Select multiple items to process them all at once. A progress dialog will show the status of each operation.

Success Rates & Expectations

PDF Retrieval Reality

File retrieval success varies significantly by source type:

High Success Rate:

arXiv Preprints: Very reliable due to arXiv's open access mandate and stable infrastructure
Open Access Articles: Good success via Unpaywall for legitimately open access content

Moderate to Low Success Rate:

Paywalled Journal Articles: More challenging due to publisher restrictions and legal considerations
Books: Particularly difficult to obtain, especially recent publications
Recent Papers: Sci-Hub has significantly reduced new uploads due to ongoing legal challenges

Alternative Workflows

For difficult-to-find content, consider these community-recommended approaches:

Anna's Archive: A promising source with about 5-minute wait time for link generation, but it is free.
Google: Google is always our friend as the resource might be shared in reddit, github or some niche forums.
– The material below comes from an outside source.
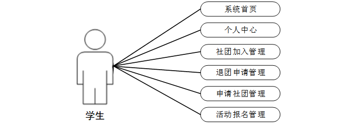 学生进入系统可以对系统首页,个人中心,社团加入管理,退团申请管理,申请社团管理,活动报名管理进行管理。学生用例如图3-5所示。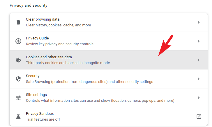 Next, click on the 'Cookies and other site data' tile to proceed.

Note: This plugin automates the search across legitimate and widely-used academic sources. For content not available through these channels, manual research through additional academic resources may be necessary.

API Integration

This plugin integrates with several external APIs and services:

Metadata APIs

CrossRef API

Purpose: Fetch metadata for DOIs
Rate Limit: 50 requests/second (polite pool)
Authentication: None required (email recommended)

OpenAlex API

Purpose: Comprehensive academic work metadata and DOI discovery
Rate Limit: Very generous, no authentication required
Authentication: None required

Semantic Scholar API

Purpose: AI-powered paper search and metadata
Rate Limit: Reasonable limits for academic use
Authentication: None required

OpenLibrary & Google Books APIs

Purpose: Book metadata and ISBN discovery
Rate Limit: Standard API limits
Authentication: None required for basic use

PDF Sources

Unpaywall API

Purpose: Find open access PDF links
Rate Limit: 100,000 requests/day
Authentication: Email address required

arXiv API

Purpose: Search and download arXiv papers
Rate Limit: 3 seconds between requests
Authentication: None required

CORE API

Purpose: Search academic papers for full-text access
Rate Limit: 10,000 requests/month (free tier)
Authentication: API key required for higher limits (Not implemented yet)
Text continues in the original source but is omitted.